Вошедшая в землянку мать услышала, как сын глухо застонал. Она подобрала с пола потухшую папиросу, вздохнула, подошла к нему, но будить не стала, лишь покивала головой каким-то своим мыслям и вышла прочь.
Скок пробудился от хриплого вопля петуха, оравшего, казалось, над самым ухом. Он вскочил, вначале даже не осознав, где находится. Показалось: прозвучала команда «подъем», захотелось вытянуться перед шконкой, однако тут же понял, где находится, и хмыкнул. Крепко въелись зоновские повадки! В одночасье и не вышибешь. Мамаша вновь нажарила картошки с яйцами. Скок лениво поковырял ее древней трезубой вилкой, похлебал жиденького чайку. Когда поднялся из-за стола, мамаша, не глядя на него, спросила:
– Куда подашься?
– Осмотреться надо, – сообщил Скок.
– Ну гляди…
– А чего глядеть. Дорога известная. Схожу на Куркулевку, а может, на Гортеатр заскочу…
– Чего ты там забыл?
– Ребят увидеть хотелось бы.
– Все твои ребята сидят.
– Откуда знаешь?
– Земля слухом полнится. Сходи… Никто не запрещает. Оглядеться, конечно, можно, только… – она не договорила.
– Что «только»?
– Только за старое не берись.
– Кончай, маманя, треп. Чего ты с первого дня заладила: за старое, за старое… Я чего тебе, пацан? Сам, что ли, кумекать разучился?
– Знаю я, в какую сторону ты кумекаешь. По карманам тырить много ума не нужно. Лучше бы дома сидел.
– А чего дома-то делать?
– Да хотя бы в порядок его привести. Крыша вон как решето. Как дождь – течет как из ведра. Перекрыть нужно. Заборку, вон, поправить. Калитку толком привесить. Работенка-то есть, рук подходящих вот только нету.
– Сделаем, маманя! Все будет в лучшем виде! – заверил Скок. – А пока дай хоть малость отдышаться.
– Ну давай дыши, – равнодушно, однако с оттенком осуждения пробормотала мамаша.
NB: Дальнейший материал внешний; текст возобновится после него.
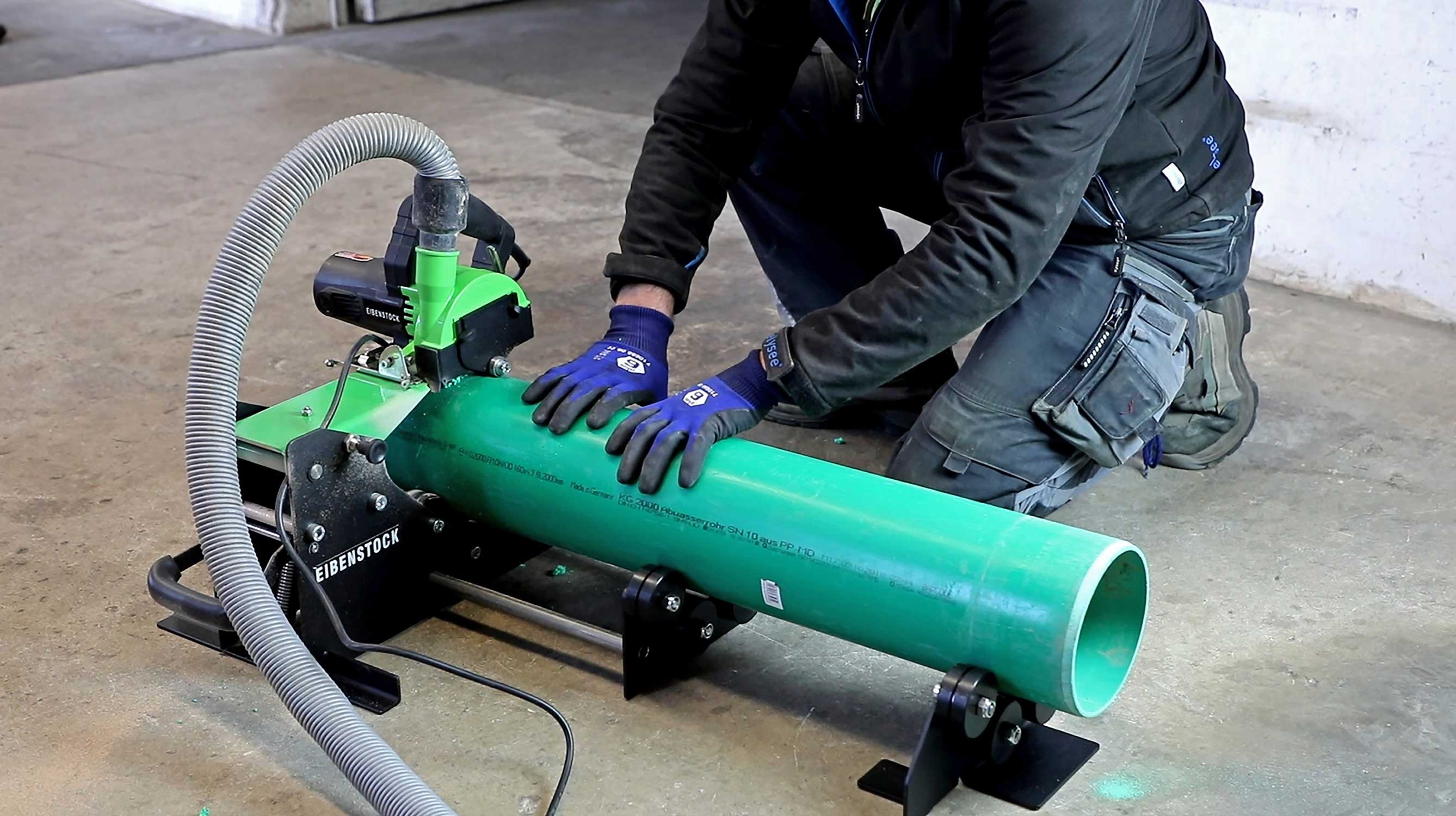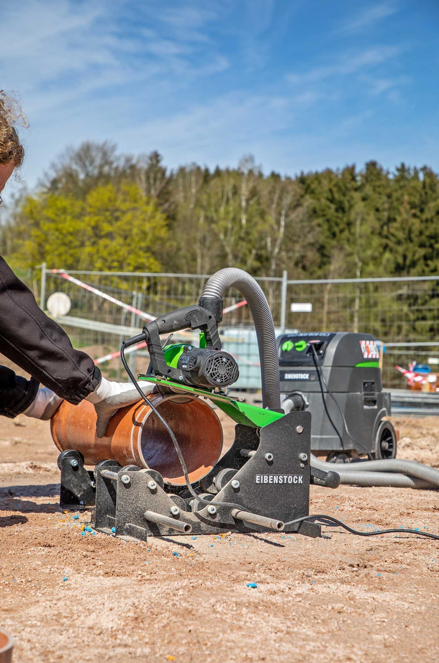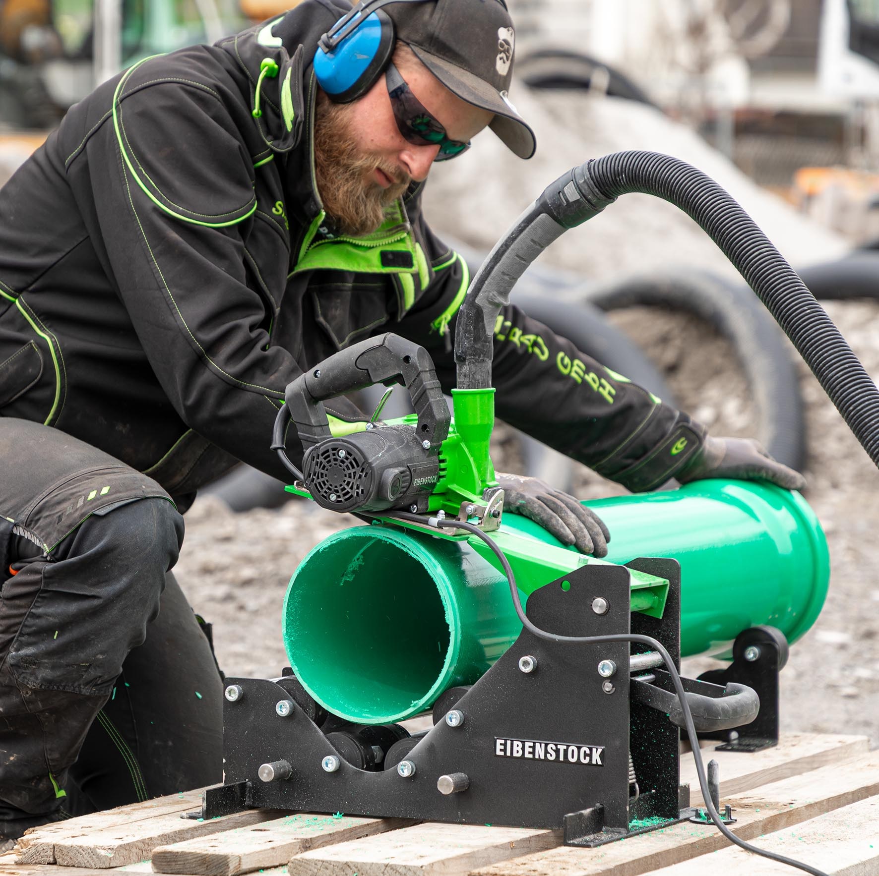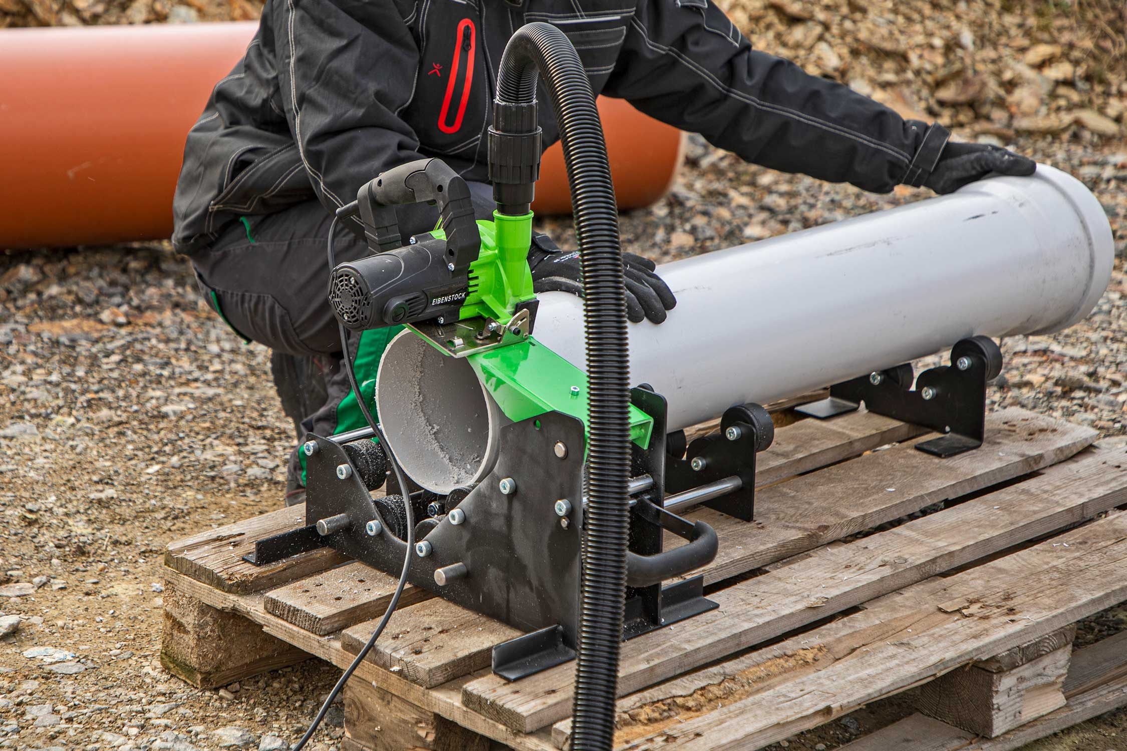 Profesionální elektrická pila Eibenstock ERC 350 umožňuje přesné řezání a současné srážení hran plastových trubek v jedné operaci

Куркулевка находилась как раз посередине между земляным поселком и тем районом, где началось действие нашей истории. По уровню жизни она стояла несравненно выше карадырских трущоб, поскольку дома здесь были капитальные, основательные, располагались за крепкими заборами. При домах имелись земельные участки, засаженные плодовыми деревьями и разной огородной чепухой. Неподалеку по выходным шумела городская барахолка, в будние дни превращавшаяся в обычный базар. Собственно, Куркулевка процветала именно благодаря базару. У здешних хозяев останавливались приезжавшие на базар торговцы с Кавказа и из Средней Азии. Тут они жили месяцами, тут, под присмотром злющих цепных псов, хранили свой сладкий, душистый товар – мешки с урюком, курагой, изюмом, а летом и осенью привозили уже свежие фрукты: персики, груши, громадные краснобокие яблоки, разноцветный виноград. Над пахучей сладостью вожделенно вились и жужжали осы и пчелы. Понятно, что местные жители, в просторечии куркули, имели весьма солидный доход от скорейшей реализации этих скоропортящихся товаров и от собственных услуг в адрес привозивших их купцов. По понятиям Скока, денег у них было немерено. Нужно сказать, что и в те благословенные времена существовало нечто вроде рэкета. Чтобы жить без проблем, нужно было делиться. Причем не только с уголовным миром, но и с милицией, чье управление располагалось совсем рядом с Куркулевкой. Впрочем, все эти структуры мирно сосуществовали друг с другом.